Let’s just talk about packaging.  BEA-UTIFUL!  It could not be more gorgeous.  Three tiny, perfect little volumes, packaged in a small box, and a gorgeous one at that.  Now let’s talk about concept, what a great idea this is.  Some great authors, given pretty free reign to be as creative and “out of the box” (excuse the pun) as they want.  Just wonderful.  Okay, now onto execution, there is some minor stumbling here in that the quality of the three tiny volumes, for me, was just not equal. 

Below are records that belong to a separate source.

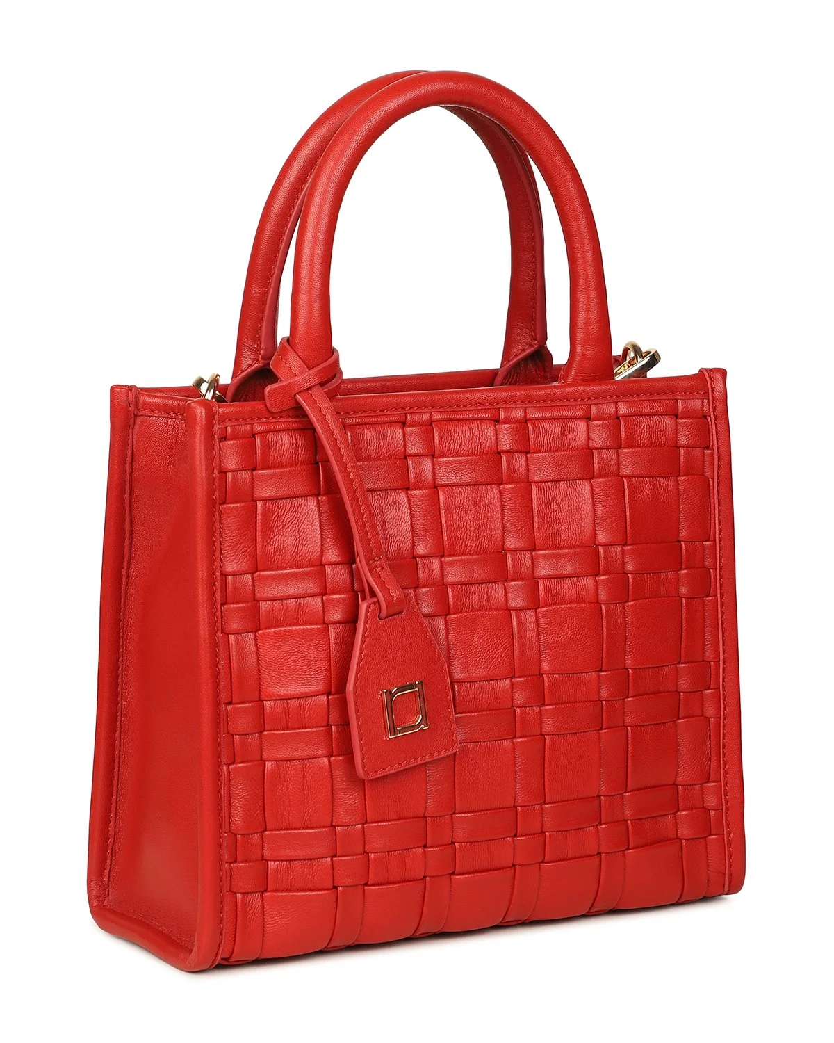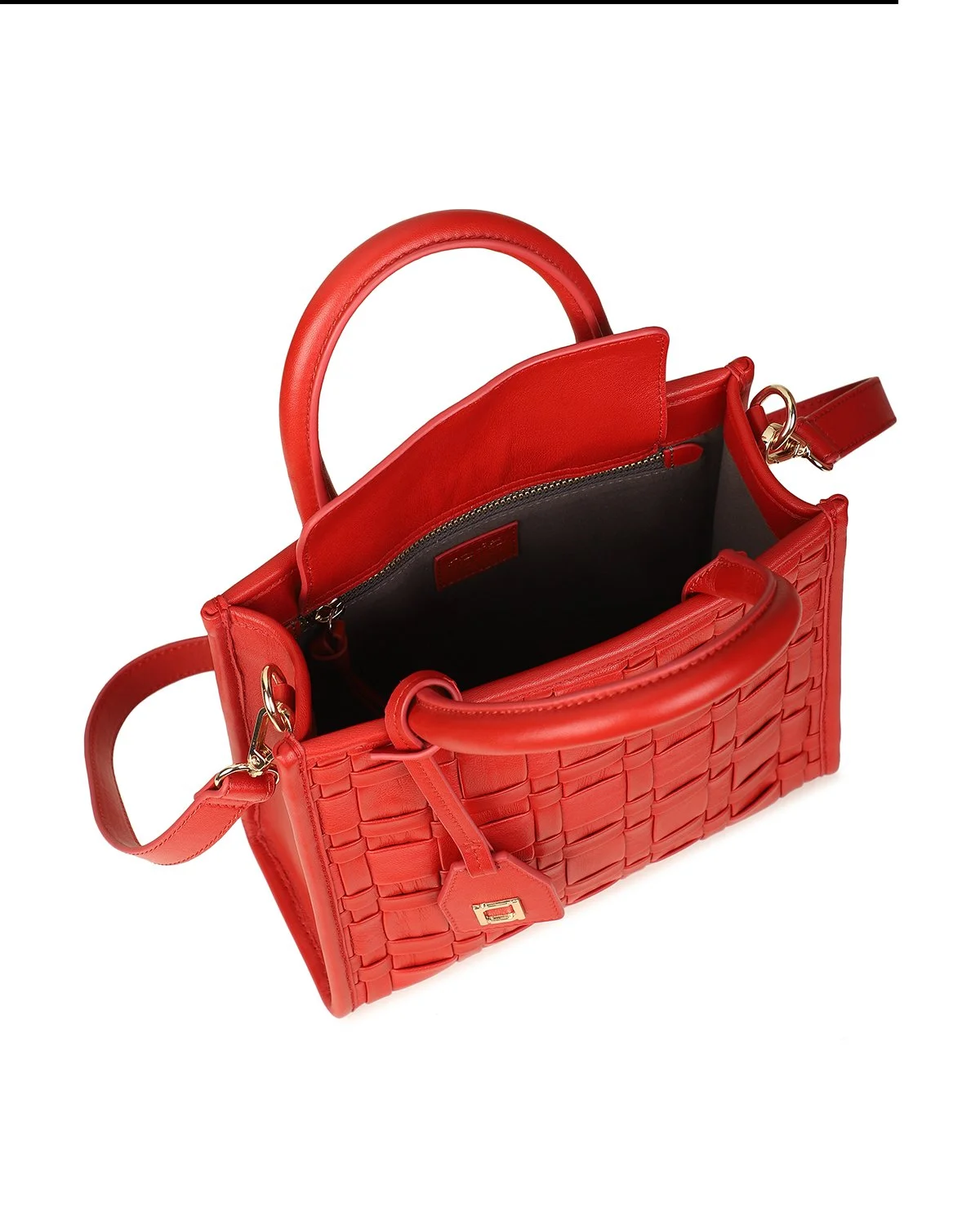 The KAYA small tote crossbody is a new style this season. Crafted from hand-woven wine leather with a lined interior, inside pockets and a magnetic snap closure. This tote will easily become your favorite bag this season.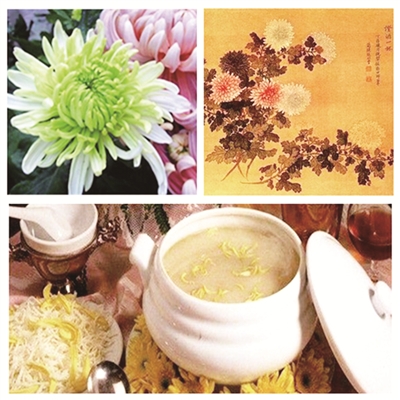 三是重视菊花育种。有记载:“直至黄花时节,有佳种三五新近发现,太后极为珍异,遂命如形绘之,以订菊谱之阙”。据说她最喜爱绿菊,而且她还能“于花未苞时预道花之形色”,甚至“能于菊之未萌芽时,道其花之形与色”。传说不足信,不过慈禧爱菊可见一斑。慈禧不光赏菊、种菊,而且还食菊、用菊。因为粗识药性,慈禧老年时常常将菊花作为她的特殊饮食,以保持青春年华和长生不老。据说每逢金秋时节,慈禧就亲自指挥宫娥太监到御花园,采摘花瓣肥厚的菊花,以肉汤、鸡汤、生鱼片和菊花一起吃,每次都胃口大开,吃下很多的鲜花。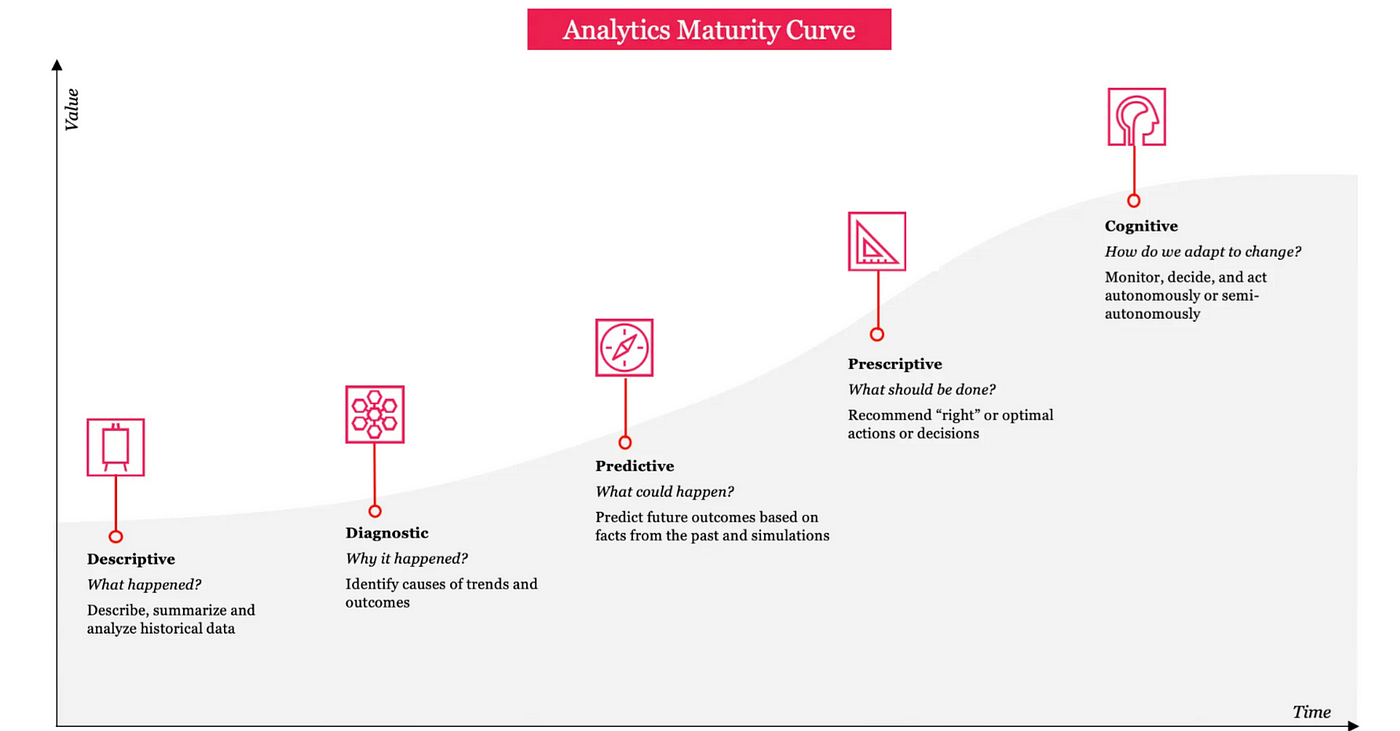 PricewaterhouseCooper, meanwhile, also has a useful version they call the "Analytics Maturity Curve". Here you get a sense for how the value of analytics specifically increases over time, as you collect more data and develop deeper capabilities at interpreting it. We highly recommend reading the linked articles for additional nuggets of data wisdom.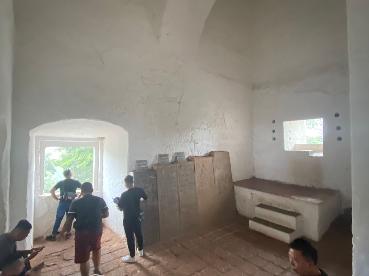 水上モスクを見学した時は太陽が出ていたのですが、いざ、オランダ広場からセントポール教会を歩いて見学しようというときになって、土砂降りの雨になってしまいました。傘があっても、かなり強い風と雨でみんなびしょ濡れに。セントポール教会は同じように雨宿りする観光客と、工事を中断して雨宿りをする現地の方で混み合ってました。少し雨足が弱まったのを見てバスに戻りましたが、教会の雰囲気を味わったり、ザビエルの埋葬場所をゆっくり見たりする余裕がなかったのは残念です。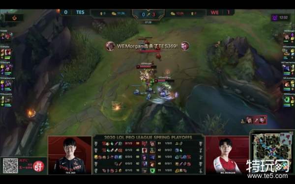 WE打野早早地赶过来帮鳄鱼建立优势,369孤身一人。即使后面凯南拿到人头和助攻也都是靠团战打出来的,对线上完全是被打野和上单压制的。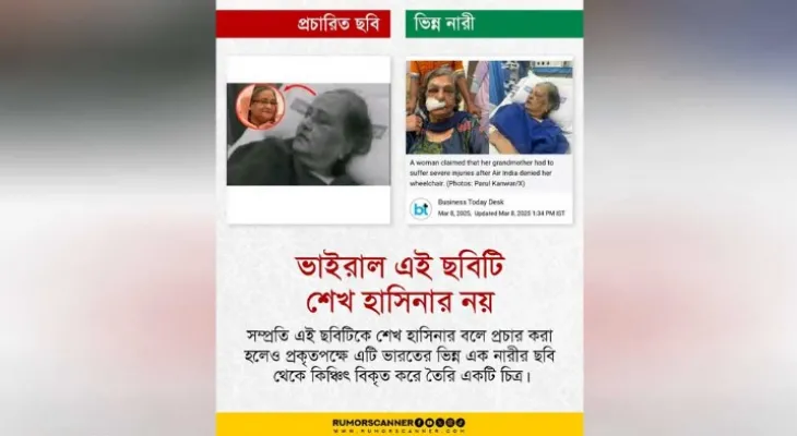 তবে ছবিটির সত্যতা যাচাইয়ের পর সংশ্লিষ্ট কর্তৃপক্ষ নিশ্চিত করেছে যে এটি সম্পূর্ণ মিথ্যা ও বিভ্রান্তিকর তথ্য। ছবিটি আসলে শেখ হাসিনার নয়, বরং প্রতিবেশী দেশ ভারতের ভিন্ন এক নারীর। প্রযুক্তির অপব্যবহার কিংবা উদ্দেশ্যপ্রণোদিত ভুল ব্যাখ্যার মাধ্যমে এই ছবিটি বাংলাদেশের অন্যতম শীর্ষ রাজনৈতিক ব্যক্তিত্বের ছবি হিসেবে প্রচার করা হচ্ছিল। এই ধরনের মিথ্যা দাবি রাজনৈতিক ফায়দা লোটার চেষ্টা নাকি শুধুমাত্র মনোযোগ আকর্ষণ করার কৌশল, তা নিয়ে প্রশ্ন উঠেছে।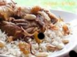 7)Sprinkle the top with kashna(Almond & Sultanas Sprinkle),& Serve Mofatah with buttermilk & green salad.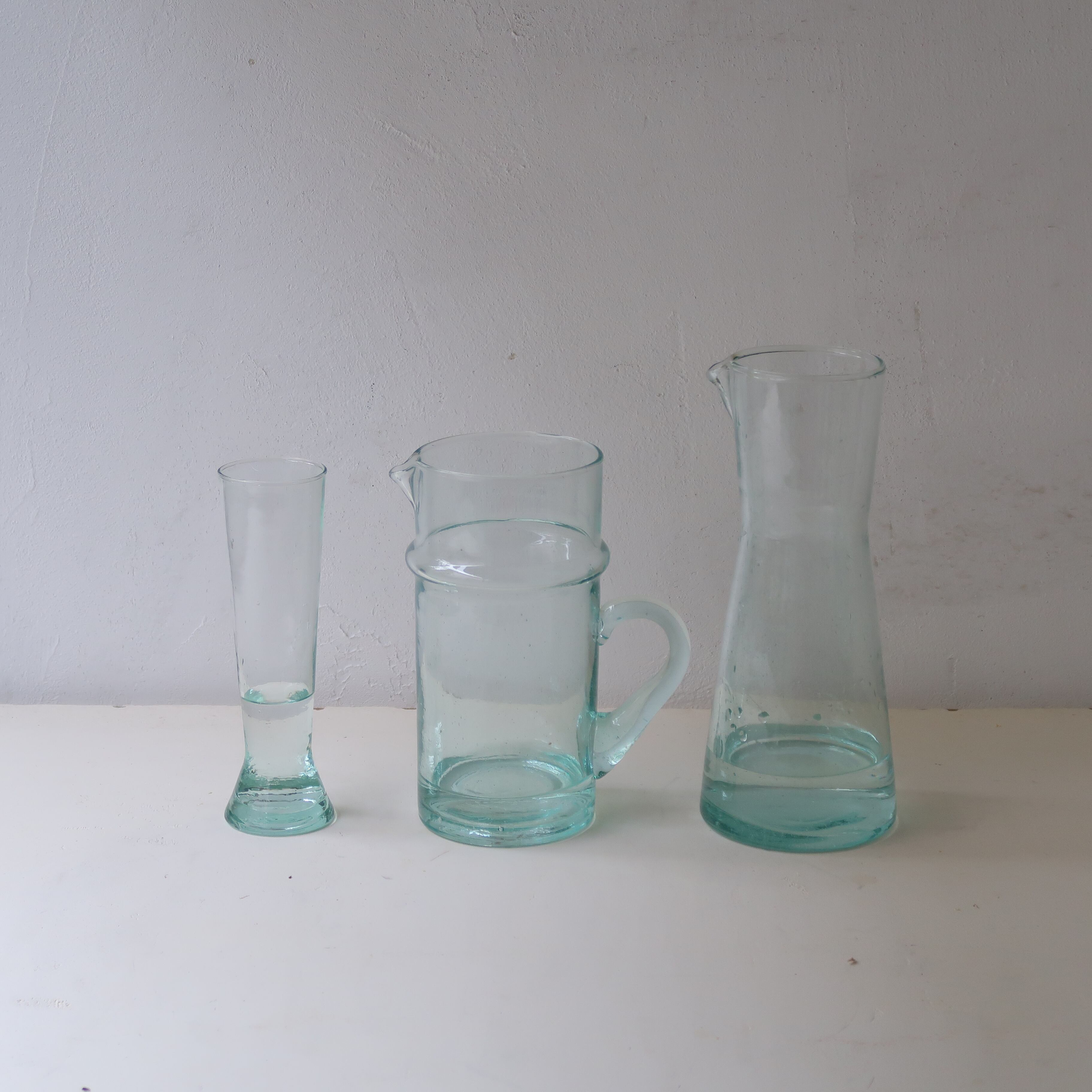 そんなこちらは、モロッコで伝統的に使われてきたリサイクルガラスを使用したピッチャー。吹きガラスならではの、ぽってり感、気泡、この色合い、大好きです。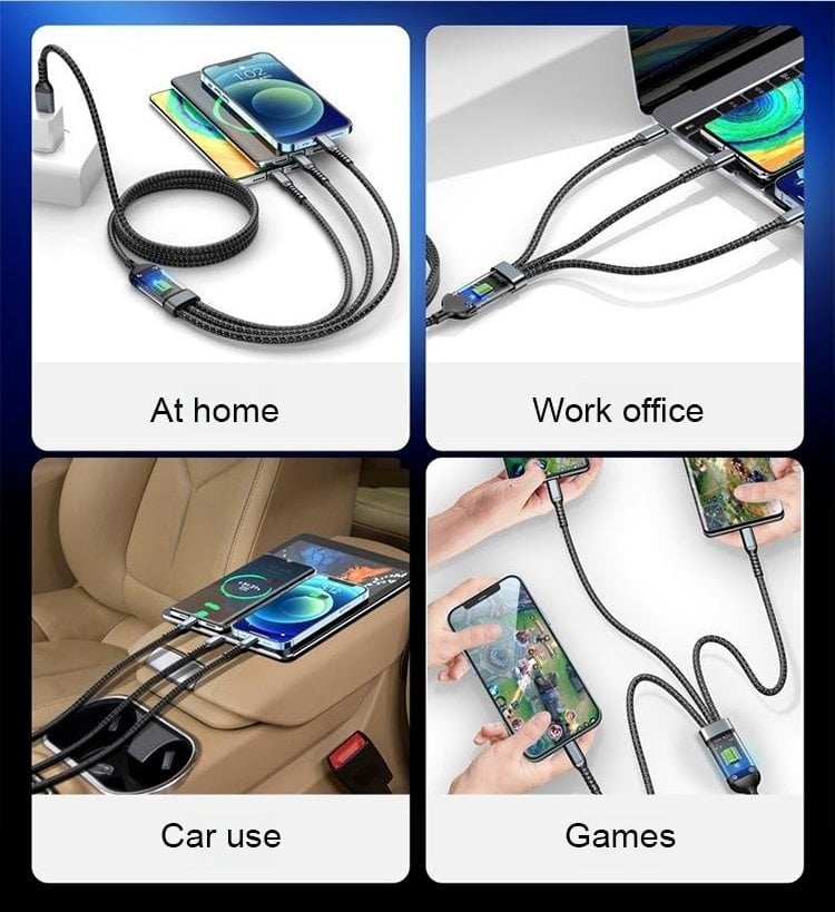 Buy 1 Get 1 Free🔥Transparent Luminous Charging 3-in-1 Data Cable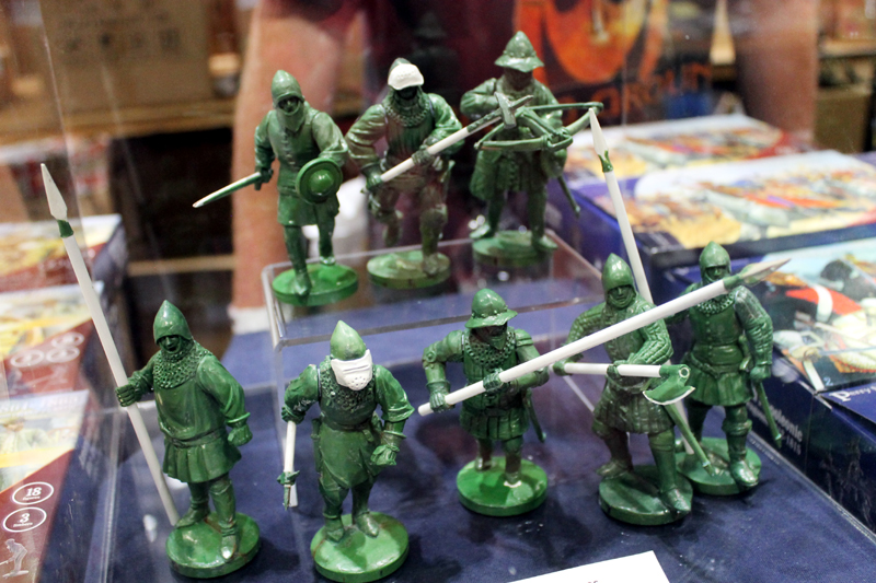 Wir konnten schon am Freitag mit Alan und Michael Perry über das großartige Gallipoli Diorama sprechen, welches die beiden 3 Wochen lang in Wellington Neuseeland in Zusammenarbeit mit Weta Workshop und im Auftrag von Peter Jackson aufgebaut hatten. Wie sich herausstellte, waren die beiden aber schon wieder fleißig. Alan konnte schon die 3-UPs Master des neuen Plastikfigurensets seiner Agincourt to Orelans 1415-29 Range zeigen. Es handelt sich um ein Set mit französischen Fußtruppen, wobei nicht nur Ritter, sondern auch Fußsoldaten und Armbrustschützen enthalten sind. Michael hatte innerhalb der letzten Wochen an einem nicht ganz überraschenden Set britischer Kolonialer Soldaten gearbeitet. Wie sich aber jetzt herausstellt, wird es sich um zwei seperate Sets handeln. Das erste Set beinhaltet britische Truppen in Uniform und Ausrüstung für die Sudan Kampagne (1883 bis 1885) sowie den Zweiten Anglo-Afghanische Krieg (1878 bis 1880). Das zweite Set deckt dann die Kampagnen unmittelbar davor ab, also den Zulu Krieg (1879), den Ersten Burenkrieg (1880 bis 1881) und den Urabi-Austand in Ägypten (1882). Natürlich wird es dazu auch jeweils eine Zinnfigurenrange geben (es wurde etwas von schweren Geschützen und Elefanten gemunkelt). Als großer Fan der britischen Kolonialzeit war das natürlich eines meiner Highlights…https://www.facebook.com/perryminiatures

Sarah Manguso’s Hard To Admit and Harder To Escape shocked me, I mean SHOCKED me with its brilliance.  She has 81 blissfully tiny stories that are edited (and perhaps written) with the finest of tuning…they are only the absolutely necessary words and the result is incredibly powerful little tales.  Manguso’s book was by far the strongest for me overall (and I’m pretty sure she creeped inside my head at night and stole tale #81, about zombies, directly from dreams – shame on you Ms. Manguso!).  It is a pretty powerful piece that can (slightly) show up a collection by Dave Eggers.  Hats off to you Ms. Manguso. 

Dave Eggers collection How The Water Feels To The Fishes is also very powerful, and my absolute favorite pieces overall were probably his, but his collection was not as consistently brilliant as Manguso’s.  Still, a powerful exciting read.  I was so into Eggers collection that I almost missed my stop at 86th street on the subway, and then proceeded to almost knock over a blind man.  I know, I know, horrible.  I’ve felt guilty about it for days now. 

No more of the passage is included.